# Camp Dutch Oven Stands



## parrothead127

Do any of you have pictures of a camp dutch oven stand you have made. I know Lodge makes one, but $160.00 is a bit out of the question since the economy stinks.
I have thought of cutting a 55 gallon drum down to make one, but haven't tried it yet.
Scott


----------



## Bitteroot

parrothead127 said:


> Do any of you have pictures of a camp dutch oven stand you have made. I know Lodge makes one, but $160.00 is a bit out of the question since the economy stinks.
> I have thought of cutting a 55 gallon drum down to make one, but haven't tried it yet.
> Scott



I ain't gonna pay it!  I've been collecting a few odds and ends of various metals and will be assembeling my own version soon.  I have steel plate, angle iron, and a set of legs off of an old folding table.  Anyone with modest welding skills should be able to pull it off.  I even have a piece of kynar that I am going to cut down for a wind screen.. it may not look like the Lodge version... but I could really care less.  I'll have about 15 bucks in it when I'm finised!  Before i got the materials... I considered using ab old western flyer wagon...I might still... since you can roll it and your ovens where you want them to go.. and after the paint burns off, paint the inside with charcoal grill paint.


----------



## Wiskey_33

Gerg knows the way.


----------



## bigox911

Bitteroot said:


> I ain't gonna pay it!  I've been collecting a few odds and ends of various metals and will be assembeling my own version soon.  I have steel plate, angle iron, and a set of legs off of an old folding table.  Anyone with modest welding skills should be able to pull it off.  I even have a piece of kynar that I am going to cut down for a wind screen.. it may not look like the Lodge version... but I could really care less.  I'll have about 15 bucks in it when I'm finised!  Before i got the materials... I considered using ab old western flyer wagon...I might still... since you can roll it and your ovens where you want them to go.. and after the paint burns off, paint the inside with charcoal grill paint.



Sounds good McGuyver


----------



## #13

I cook a lot with my Lodge dutch ovens, I have one or two of every size and I refuse to pay that for a stand also. I use the metal drums cut to size. I have some 20, 30 and 55 gallon ones cut and they work great. I also use the middle sections of the drums I cut as a wind break. I could have one made up but I like to keep it simple.
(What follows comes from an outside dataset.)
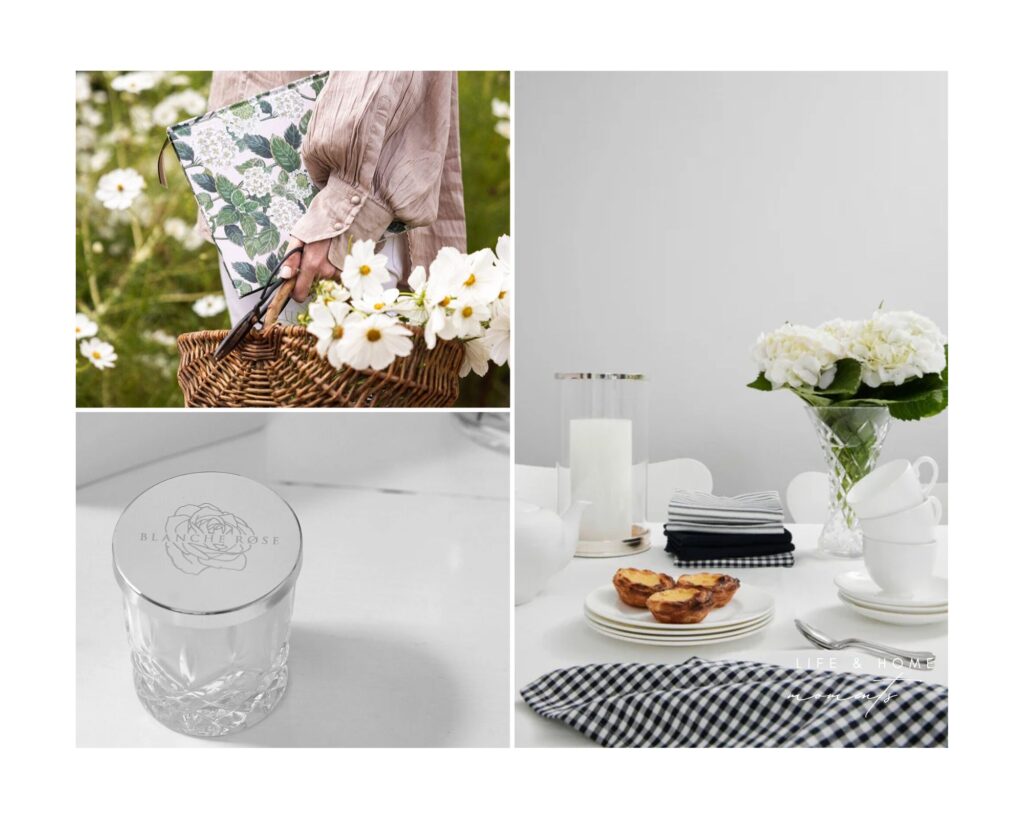 Welcome visitors into your home by displaying arrangements of fresh flowers. Flowers are the perfect accessory for any room or table, and the arrangements do not have to be large, or expensive. If you have seasonal blooms from your garden, these simply arranged in a beautiful vase can direct the table styling. Bringing the outdoors inside is a very easy step. And you do not have to be a florist. I tend to keep my flower colours simple and my go-to blooms for summer are white hydrangeas that are displayed in a simple glass vase.

The drums work really well.


----------



## #13

I forgot to add, Ill sometimes use a drum I cut at the first ring and put a chicken or hambugers under it while I cook with the dutch oven on top of it, cant do that with a bought stand.


----------



## Bitteroot

Bigpappapump said:


> I forgot to add, Ill sometimes use a drum I cut at the first ring and put a chicken or hambugers under it while I cook with the dutch oven on top of it, cant do that with a bought stand.



Interesting... you got any pics of that?


----------



## #13

Ill make some and post them for yall. Works well. I got the idea when I noticed the grass was always burned under the drum when I was done cooking. I figured why waste that heat? LOL Ill snap a few pics and post them.


----------



## #13

*Cut drums for dutch oven stand*

Here are some of my ovens I staged today to show you part of my set-up. You can use them in any number of combinations. Cooking underneath the drum while your cooking on top works well. Like the D/Os youll learn the right touch to get the temp right.  Adding more coals to the outside edge wont affect the D/O cooking much if any. Also notice the small bucket, I keep my "stuff" in it and can also turn the lid over and put an oven on it. A larger one would get it even higher off the ground if you like. You can spend just about anything you want on this stuff but Id rather be inovative and use what I have. This set-up has worked well for me for a long time, I hope you guys like it.


----------



## parrothead127

I finally put the idea I had together, this is how it turned out. I have $1.13 invested in it. I like the fact I don't have to bend over to work in the oven. 
Also a little mountain man breakfast in the 8" oven for breakfast this morning


----------



## #13

Looks great parrot, and apparently works great to! I may make one like that. Thanks..


----------